11 May 2010 by Jennifer
Probably of interest only to people using Ubuntu, or at least some flavour of Linux…
Just solved the mystery of what was hogging the spare space on my /home
partition.
.Trash-0
. It had 500MB of old data in it, none of which was displayed by clicking on the “wastebasket” and none of which was being removed by “Empty deleted items”! But I was able to remove it by being root in nautilus (command-line sudo nautilus
.)
Something like this happened once before, a year or more ago – but I don’t think I wrote it down last time, or if I did, I don’t know what I did with the description. So I thought this time I’d blog it for future reference (and in the hope it might also be useful to someone else).
I think the wastebasket commands only look in .Trash
(no suffix), which would explain why they weren’t accessing this.
Having found this directory, I wondered how the mysterious -0
arose.

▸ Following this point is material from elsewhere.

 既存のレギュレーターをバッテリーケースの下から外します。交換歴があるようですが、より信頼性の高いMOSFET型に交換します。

A search for “.Trash-0” turned up a few threads. Some people said it can happen due to disk format incompatibility; others said not all utilities know how to delete properly.

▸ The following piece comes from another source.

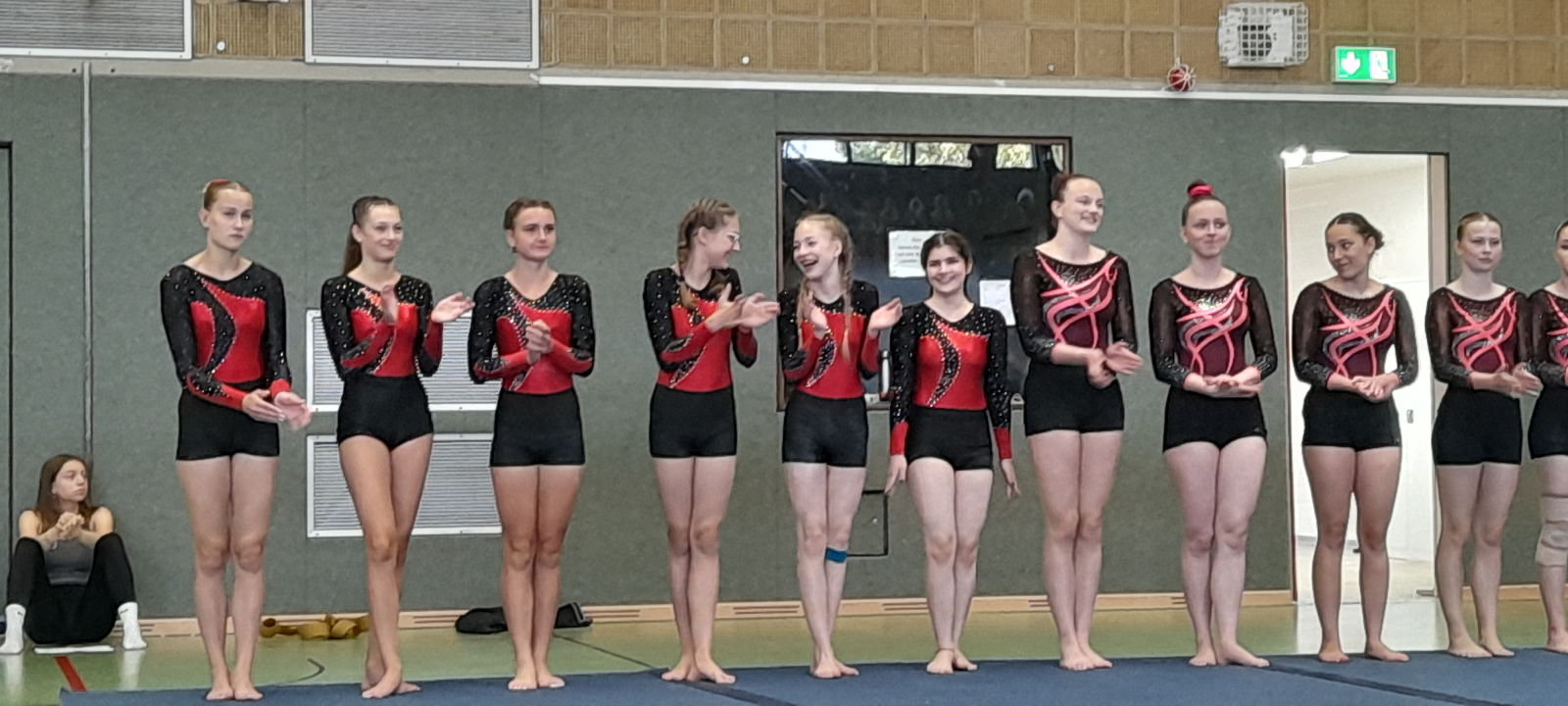 In den Pflichtstufen der P4 traten wie im letzten Jahr gleich 2 Teams an und Team KSV Auedamm 2 mit Nora, Anieke, Ayla, Sophie, Mila und Alexandra setzte sich mit 211,15 Punkten klar gegen die Konkurrenz durch und gewann

At the moment, I can’t quite think how either of those situations would have arisen in my case. But it doesn’t really matter, as long as I remember to check every now and again and delete any such debris. I’ll call upon the reminding powers of MyChores :-)
I’ll also remind myself here that the System Monitor utility is a useful thing. System | Administration | System Monitor, and click on its File Systems tab for a summary of all the disks and their available space.
A similar problem can occur on external/USB hard drives.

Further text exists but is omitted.